- Work to complete -
Output only the lines below from the one holding "DAŘÍ SE NÁM" down to the one holding "一天了,这第16关,一直在战", both end lines included and every picture dropped.

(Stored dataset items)
>>

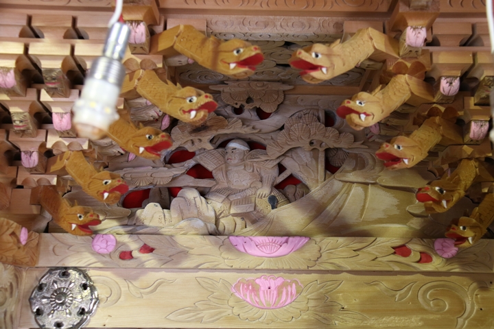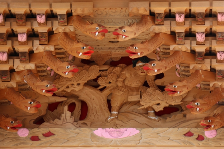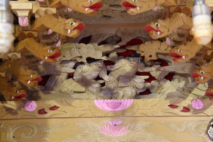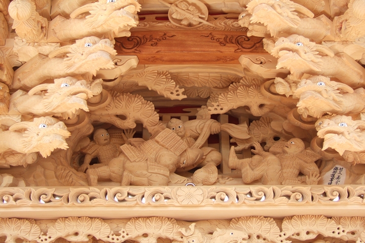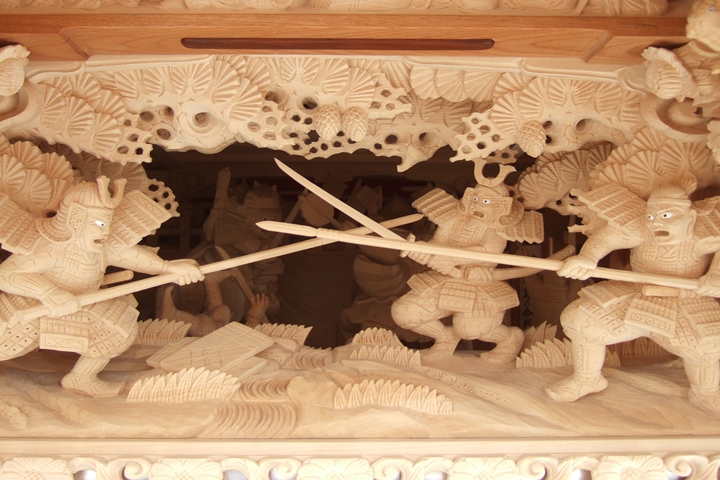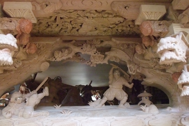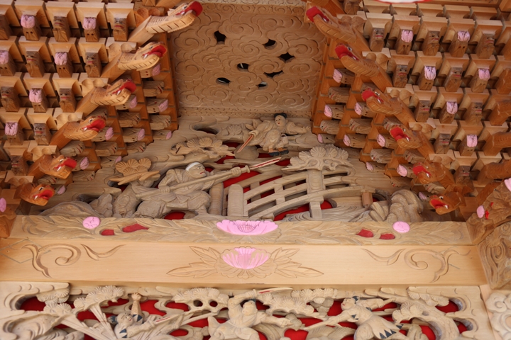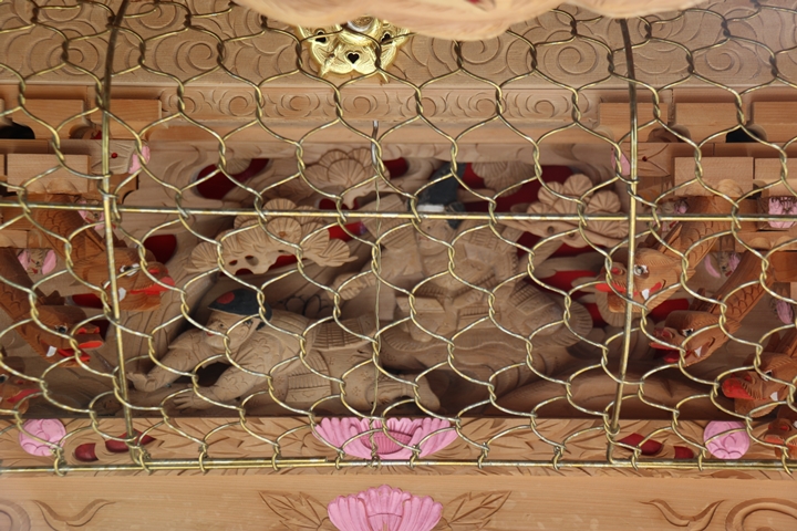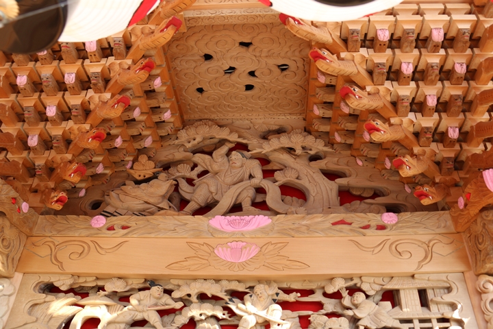 | 桝合の中でも色々な種類があり彫物を一面に施したタイプ、そして二重桝合として彫物の上にもう一つ別の題材の彫物を施したタイプ、そして三方見送りとして小屋根三面から彫物を三方向から見れるタイプがあります。 |
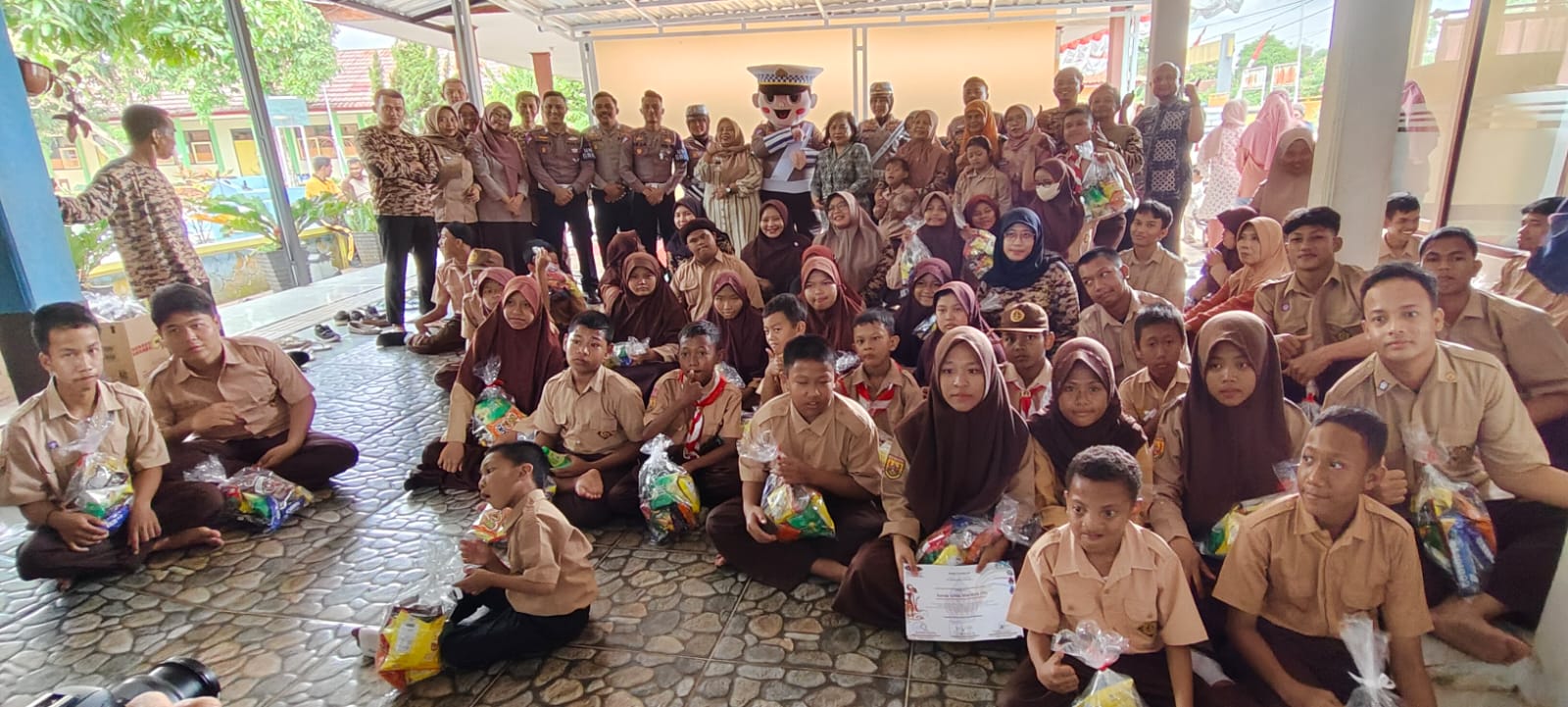 Tawa mereka begitu lepas ketika boneka polisi mengajak berjoget bersama dan berbagi bingkisan makanan kepada para siswa.
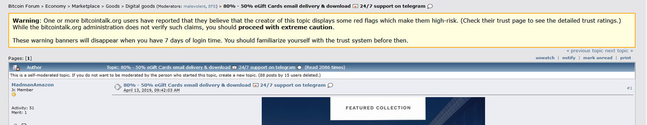Nobody can call them out and in this way their threads remain up for much longer. For example: Anyone offering giftcards with discounts greater than 5% is most definitely selling carded cards. This is highly illegal as it involves stealing other people's credit card information and is essentially money laundering. Those cards end up refunded, sometimes in the same day as well. So it's an activity that does no good to the world other than benefit the one that stole the credit card. Perhaps e-giftcard selling should be entirely banned on this forum. That's my opinion, some might find it draconian though. However, there's no way to tell legit from fake when it comes to e-giftcards and it'd be too resource intensive for mods to moderate every thread so a total ban makes sense to me. Also: cracked accounts go for sale All those accounts on subscription based services that go for sale for a fraction of their monthly subscription are obviously hacked into. They stay active for however long the original owner doesn't notice that someone else is in their account. But that process involves hacking and naturally, breach of personal information. Title: Re: Avoid auto-buy links, mainly locked or self moderated. Register before dealing Post by: gorgula on May 06, 2018, 10:24:28 PM Thanks for pinning this thread it saved me from some issues. I'm sure many noobs (me included) initially find the forum because of the marketplace. I am having trouble finding legit threads in the wake of this info, however.
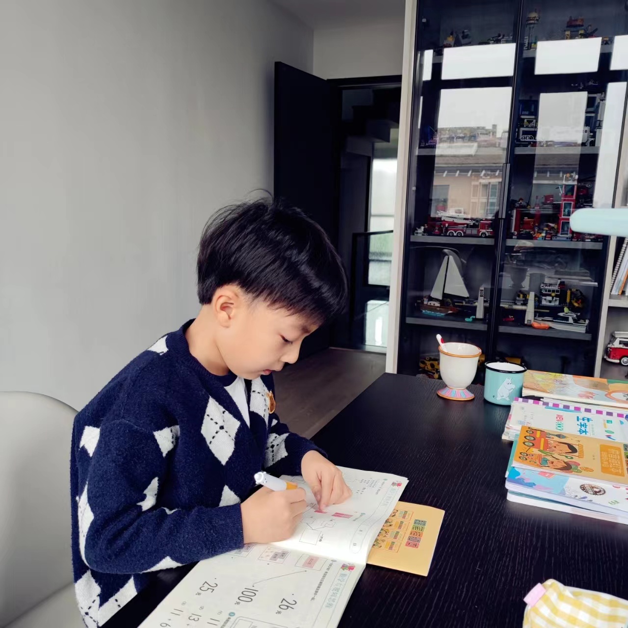 三岁开始,我就在家给kimi上课,与其说是上课,不如说是做游戏。三岁建议买摩比数学,七田真来给孩子做数学启蒙,像玩游戏一样,孩子非常喜欢。认字也可以开始进行,当然前提是孩子不排斥,我觉得只要找到适合孩子的方式,他们都爱上学习。我做这些,也并不是为了他以后能考高分,而是让他觉得学习很有趣,真正喜欢学习。
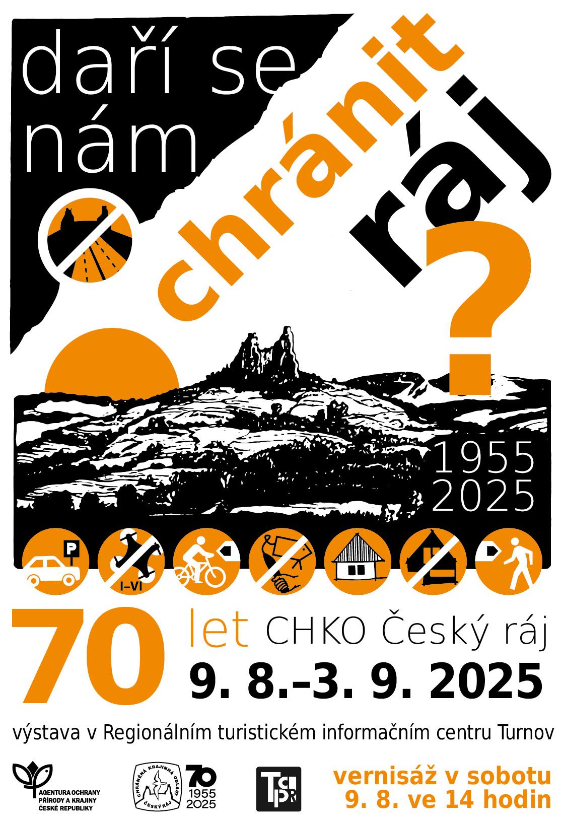 DAŘÍ SE NÁM CHRÁNIT RÁJ? K sedmdesátinám CHKO Český ráj jsme připravili výstavu. Představuje práci v ochraně přírody a krajiny Českého ráje v uplynulých desetiletích. Přijďte se podívat. Výstavu lze shlédnout od 13. 6. do 27. 7. 2025 na Valdické bráně v Jičíně, od 9. 8. do 3. 9. v Regionálním turistickém informačním centru v Turnově, od 12. 9. do 5. 10. na zámku v Mnichově Hradišti a v říjnu v Sobotce. |
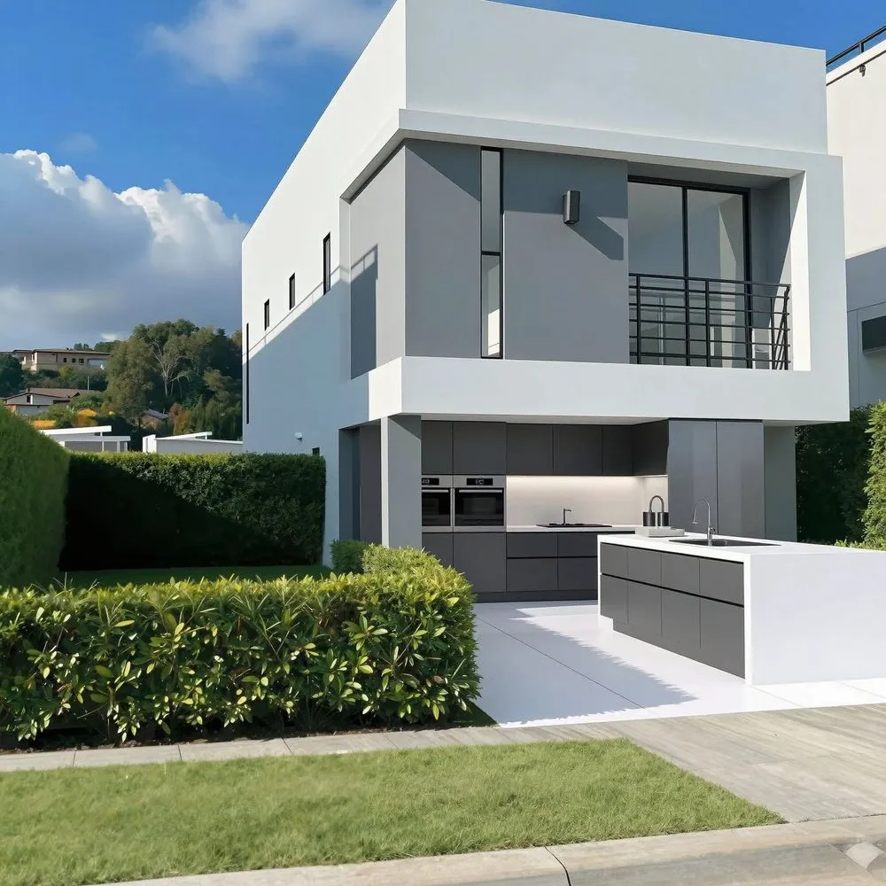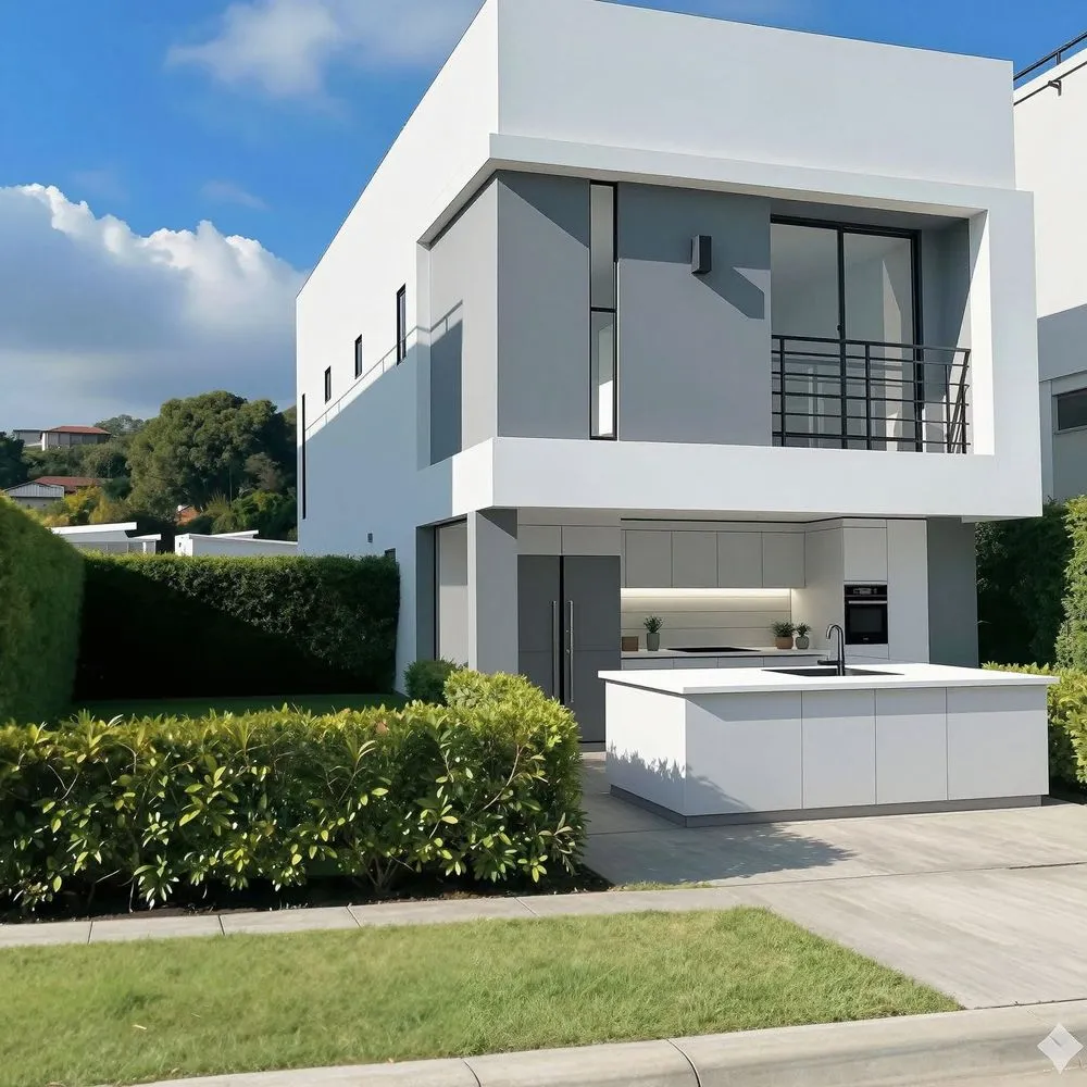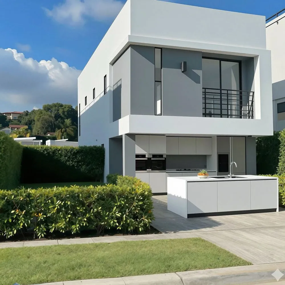 the patio, stairway and stairs to the upper floor are situated near a large swimming pool
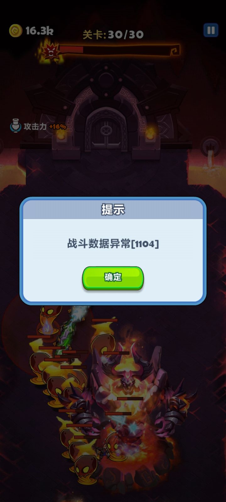 一天了,这第16关,一直在战斗数据异常1104,关掉wifi也没行,我玩的TAPTAP平台的。官方群里也没有人管,要怎么办啊。也卸载重新安装过了,就是不行。#贪吃蛇无尽大作战
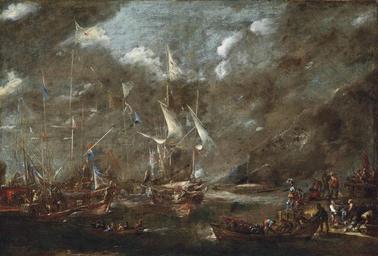 | Keywords: Andries van Eertvelt - The Holy League's fleet lying off a harbour, thought to be Genoa, before the battle of Lepanto.jpg Artwork Creator Andries van Eertvelt The Holy League's fleet lying off a harbour thought to be Genoa before the battle of Lepanto with figures loading arms and armour onto a boat in the foreground with a dignitary looking on Oil on canvas cm 95 3 139 7 http //www mutualart com/Artwork/The-Holy-League-s-fleet-lying-off-a-harb/AD3A1917261C4389 /69643A353737382C73656C65637465643A74727565 mutualart com object history credit line accession number Christie's online 5835026 5786 4 Amsterdam 12 November 2014 page no more available PD-old-100 DEFAULTSORT Eertvelt Andries van; Battle of Lepanto; Christie's 2014 Marine paintings by Andries van Eertvelt Baroque paintings of ships Paintings of Battle of Lepanto Oil paintings of watercraft 17th-century sailing ships in paintings |
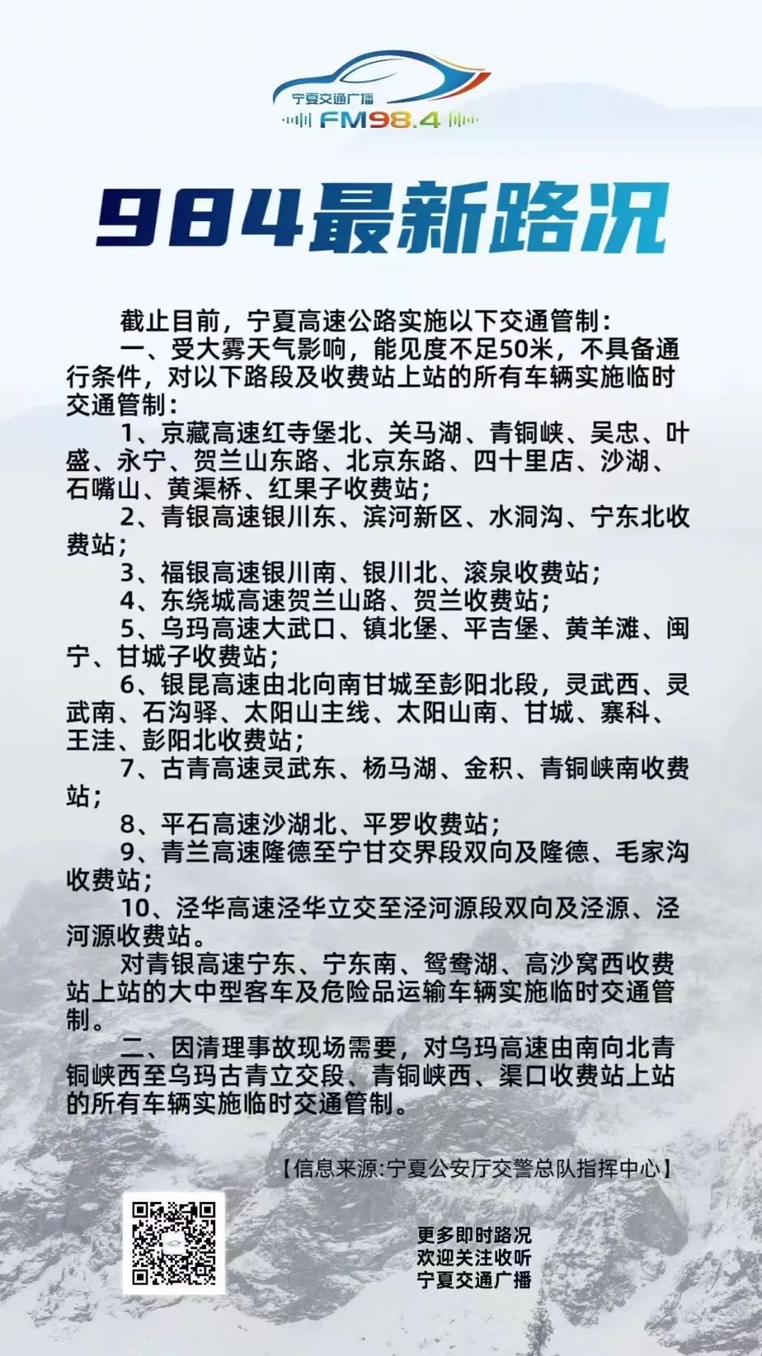 由於能見度低,銀川警方先後發佈臨時交通管制信息↓

<<

- Written answer -
 DAŘÍ SE NÁM CHRÁNIT RÁJ? K sedmdesátinám CHKO Český ráj jsme připravili výstavu. Představuje práci v ochraně přírody a krajiny Českého ráje v uplynulých desetiletích. Přijďte se podívat. Výstavu lze shlédnout od 13. 6. do 27. 7. 2025 na Valdické bráně v Jičíně, od 9. 8. do 3. 9. v Regionálním turistickém informačním centru v Turnově, od 12. 9. do 5. 10. na zámku v Mnichově Hradišti a v říjnu v Sobotce. |
 the patio, stairway and stairs to the upper floor are situated near a large swimming pool
 一天了,这第16关,一直在战斗数据异常1104,关掉wifi也没行,我玩的TAPTAP平台的。官方群里也没有人管,要怎么办啊。也卸载重新安装过了,就是不行。#贪吃蛇无尽大作战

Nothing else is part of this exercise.